#### The task
Once "18 grudnia dwudziestoczteroosobowa" turns up in a line below, reproduce that line and those after it exactly, stopping after the line with "A cold wind"; leave pictures out.

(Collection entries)
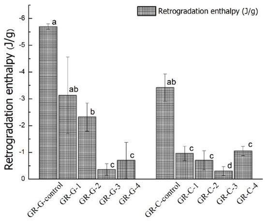 Figure 4. The retrogradation enthalpy after 14 days of storage at 4 °C of control glutinous rice gel sample (GR-G-control) and control sweetened glutinous rice cake (GR-C-control) and rice samples with 100 (GR-G-1, GR-C-1), 200 (GR-G-2, GR-C-2), 300 (GR-G-3, GR-C-3) and 400 (GR-G-4, GR-C-4) pulses of PEF treatment at 3 kV/cm. Mean values ± standard deviation of triplicates. Different letters on the bar graph indicated significant differences among the enthalpy of the samples (p < 0.05).
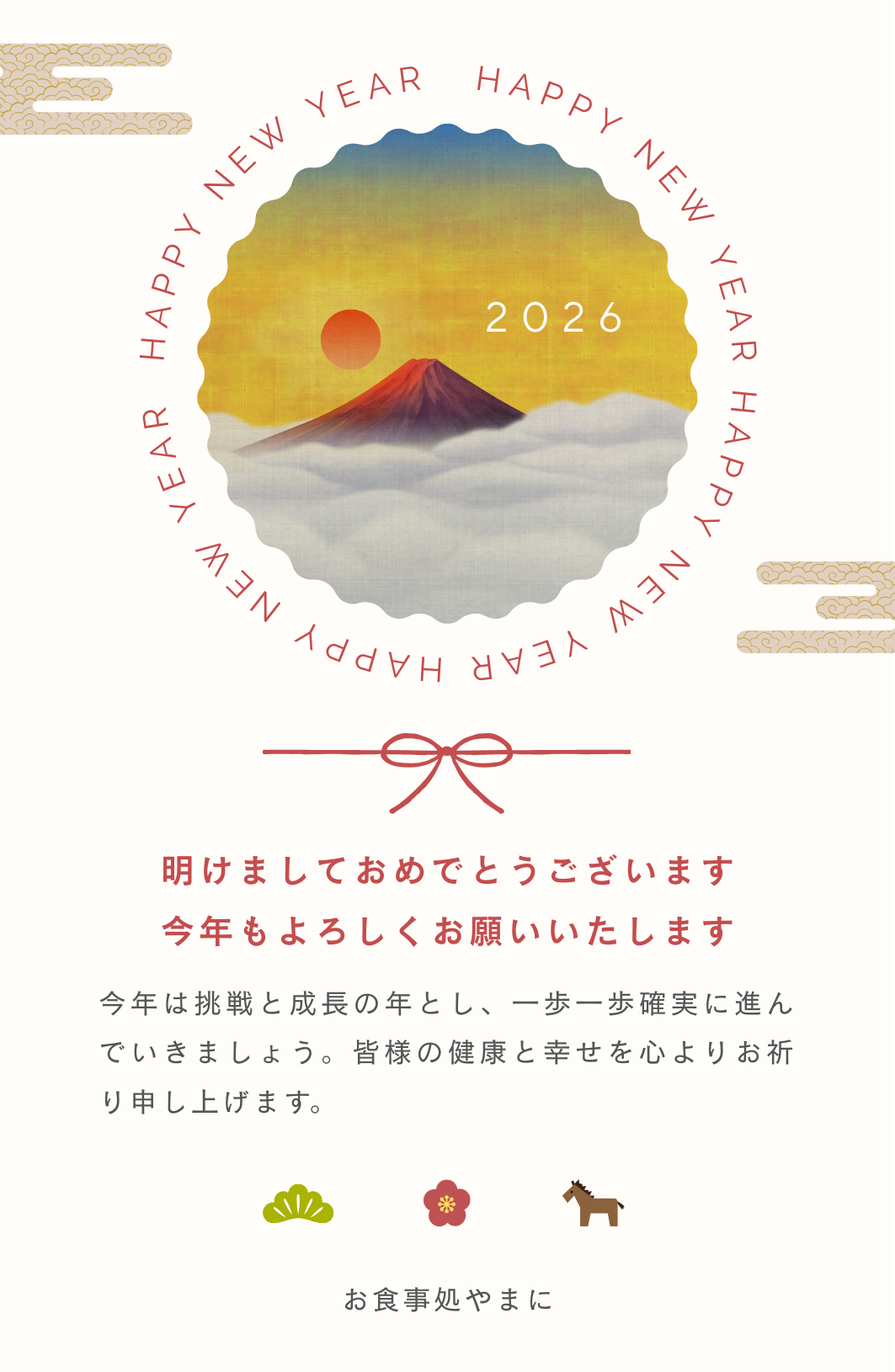 2026年が、皆様にとって健康で、笑顔あふれる素晴らしい一年となりますよう、心よりお祈り申し上げます。 本年も「お食事処 やまに」を、どうぞよろしくお願い申し上げます。
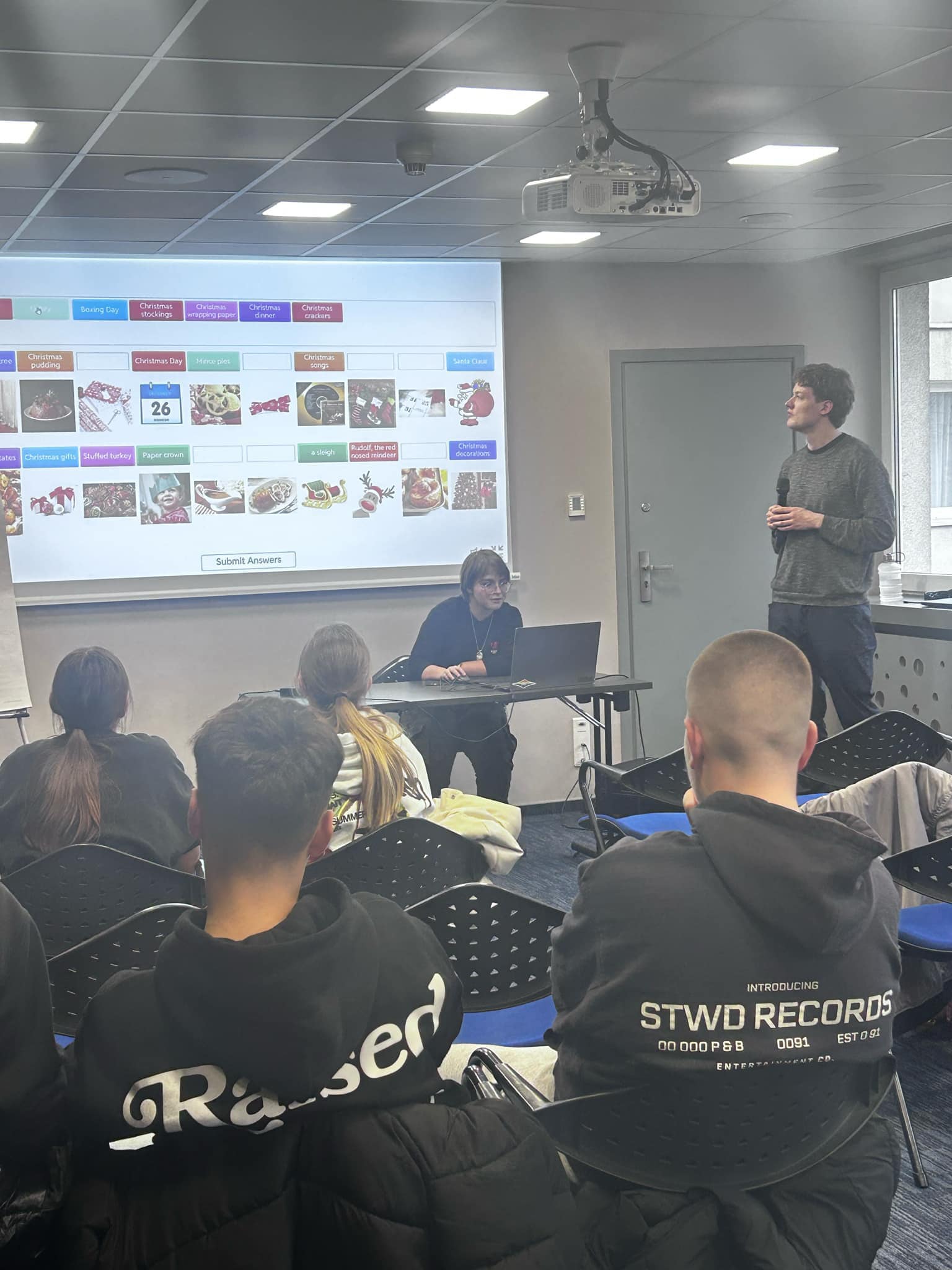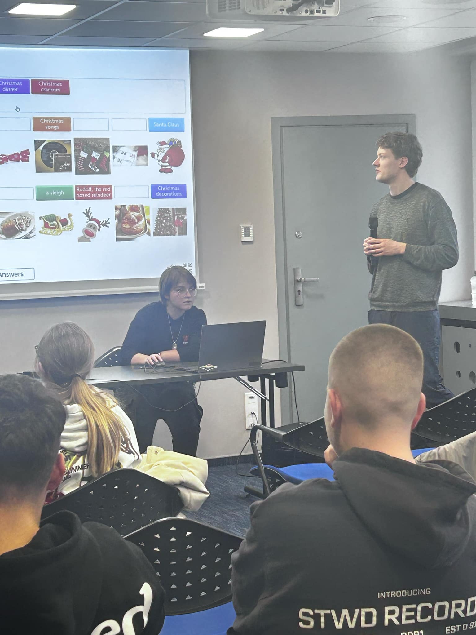 18 grudnia dwudziestoczteroosobowa grupa uczniów naszej szkoły z klas VI–VIII wzięła udział w dwugodzinnych warsztatach językowych w Krakowie. Zajęcia prowadzone były przez Anglików i dotyczyły historii oraz tradycji bożonarodzeniowych Wielkiej Brytanii. Uczniowie mieli okazję poszerzyć wiedzę, zdobyć nowe informacje, a przede wszystkim sprawdzić i rozwinąć swoje kompetencje językowe w zakresie rozumienia oraz posługiwania się językiem angielskim.
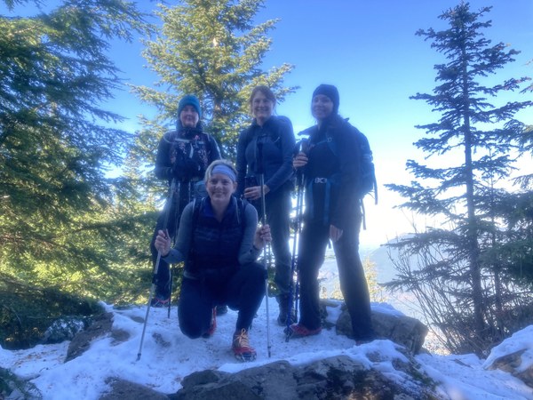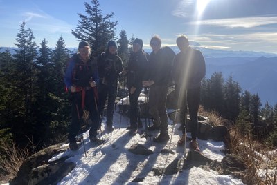A cold wind was blowing at the parking lot in the morning, but magically disappeared when we entered the trees along the trail. The air was still cold, but lack of wind and warm sunshine just below the summit made a nice lunch spot. Microspikes were needed on the upper trail, it would've been pretty sketchy along some stretches without them. Very few other hikers along the way, a few more coming up as we headed down. Six hours round trip including a half hour enjoying the views up top, slightly under 8.5 miles and just about 3,200' gain. A nice day out!
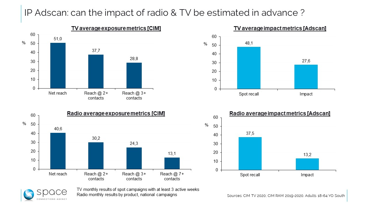 Nous avons comparé ces scores à des moyennes d’exposition sur les mêmes populations (18-64 ans, Sud) et sur la même période (l’année 2020). Pour la télévision, le calcul est très normé : moyenne mensuelle par produit et par mois et 3 semaines minimum de campagne. Et là, surprise, ou non : certains chiffres sont assez proches. Ainsi, en 2020, une campagne TV moyenne touchait 51% de la population 18-64, une valeur dans l’ordre de grandeur de la moyenne de souvenir, 48%. Avec la proportion d’individus touchés à raison d’au moins 3 contacts, la valeur d’exposition (pratiquement 29%) surpasse un peu la moyenne d’impact (de l’ordre de 28%) mais on n’est pas loin.
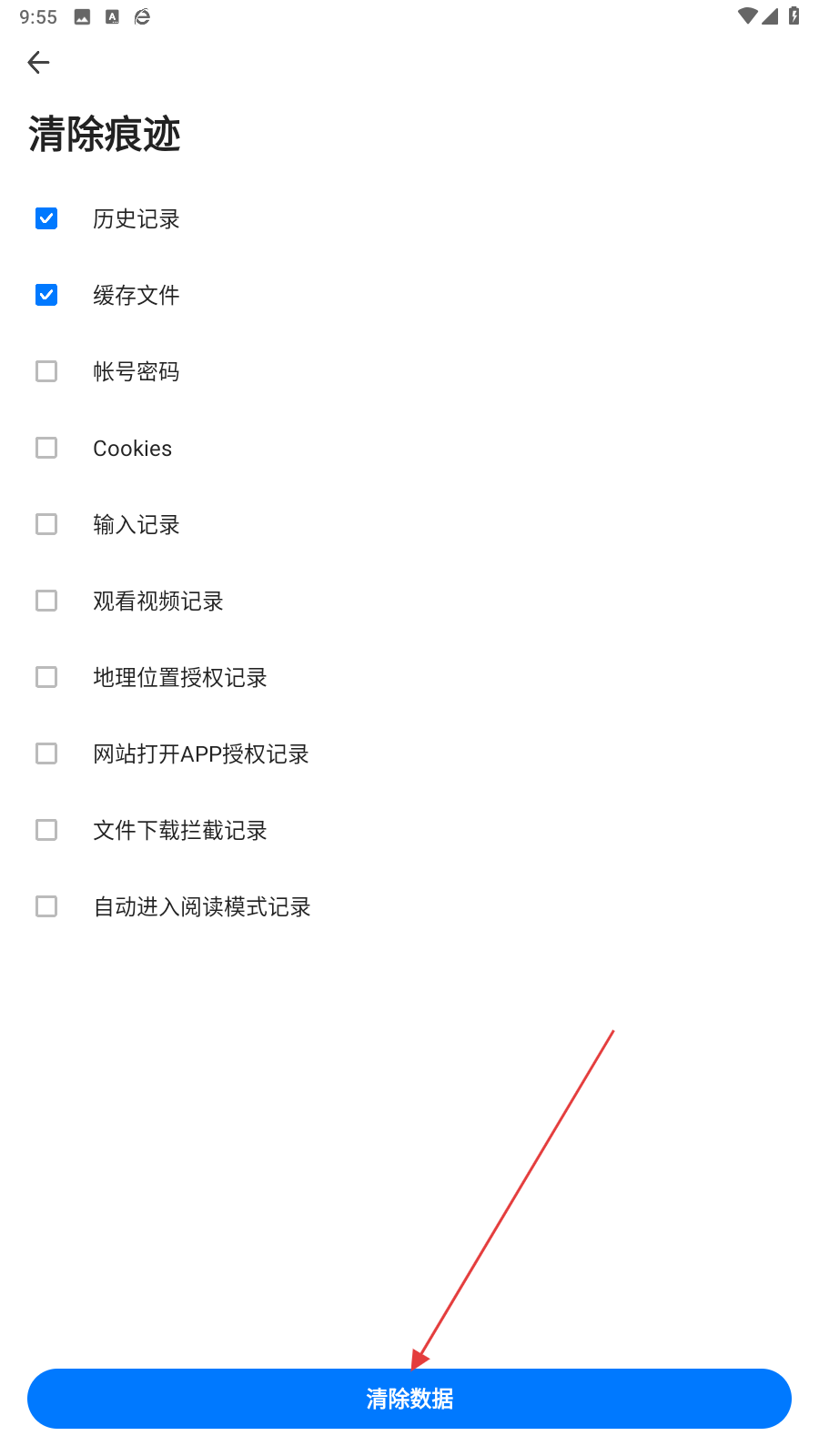 4、在清除痕跡的頁面內(nèi),選擇并勾選后再點(diǎn)擊清除數(shù)據(jù)即可。
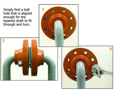 То есть два кольца с отверстиями на концах труб. В отверстия ставятся болты и затягиваются. Получается прочное соединение, и в космосе легко можно разобрать с помощью гаечного ключа.
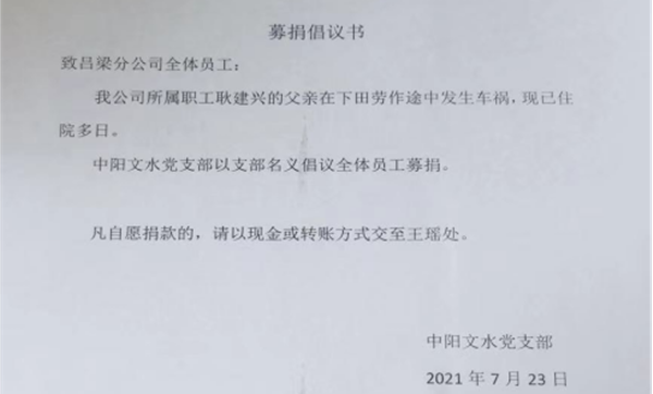 呂梁分公司某員工的父親因車禍住進(jìn)ICU搶救多日,每天開銷巨大。中陽(yáng)文水黨支部經(jīng)過(guò)全體會(huì)議通過(guò)發(fā)起愛心捐款活動(dòng)。
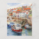Schönes Aquarell-Bild von Booten in einem englischen Küstenhafen, perfekte Kunst, um Ihre traditionelle Nachricht zu ergänzen.
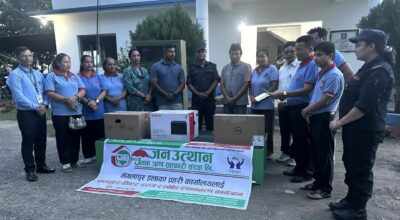 क्षतिग्रस्त प्रहरी कार्यालयलाई जनउत्थान साकोसको जिन्सी सहयोग
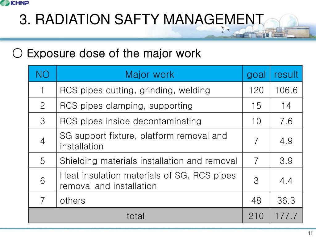 3. RADIATION SAFTY MANAGEMENT 2) Method of reducing exposure radiation dose for worker • delay the draining of SGprimary and secondary coolant • conducting pre-mock up training for major radiation work • radiation shielding : installation of temporary lead shielding materials for RCS pipes and lead shielding structure for OSG • installation of the movable air cleaning unit • monitoring continually the air contamination level(movable continuous air contamination monitor) • decontamination of the inside of RCS end pipes • measurement of radiation and radioactivity for a day, of work
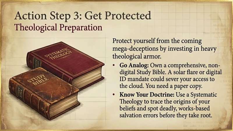 And then finally, get protected. Protect yourself from the coming mega-deceptions by not only having your digital Bible, have an analog Bible and know your doctrine. That's why I talk about the systematic theology in the study Bible.
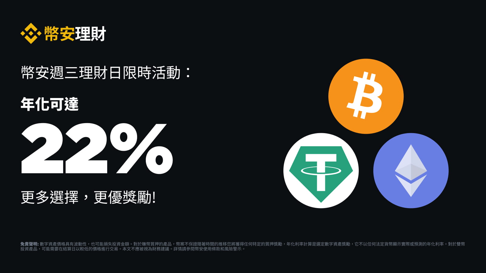 免責聲明:數字資產價格具有波動性,您的投資價值可能會有所波動,也可能損失投資金額。您將自行為您的投資決策負全責,幣安不對任何可能產生的損失負責。保本賺幣質押產品將在協議期結束後或提前贖回時將數字資產返還至用戶的現貨錢包。幣安不保證隨著時間的推移您將獲得任何特定的質押獎勵。年化收益率是您在選定時間範圍內獲得數字資產獎勵的預估值。它不以任何法定貨幣顯示實際或預測的回報率、收益率。年化收益率每日調整,預計收益可能與實際產生的收益不同。對於雙幣投資產品,建議您持有加密資產並可能需要在結算日以低於市場利率的利率進行交易。本文不應被視為財務建議。詳情請參閱幣安使用條款和風險警示。

#### Task result
 18 grudnia dwudziestoczteroosobowa grupa uczniów naszej szkoły z klas VI–VIII wzięła udział w dwugodzinnych warsztatach językowych w Krakowie. Zajęcia prowadzone były przez Anglików i dotyczyły historii oraz tradycji bożonarodzeniowych Wielkiej Brytanii. Uczniowie mieli okazję poszerzyć wiedzę, zdobyć nowe informacje, a przede wszystkim sprawdzić i rozwinąć swoje kompetencje językowe w zakresie rozumienia oraz posługiwania się językiem angielskim.
A cold wind was blowing at the parking lot in the morning, but magically disappeared when we entered the trees along the trail. The air was still cold, but lack of wind and warm sunshine just below the summit made a nice lunch spot. Microspikes were needed on the upper trail, it would've been pretty sketchy along some stretches without them. Very few other hikers along the way, a few more coming up as we headed down. Six hours round trip including a half hour enjoying the views up top, slightly under 8.5 miles and just about 3,200' gain. A nice day out!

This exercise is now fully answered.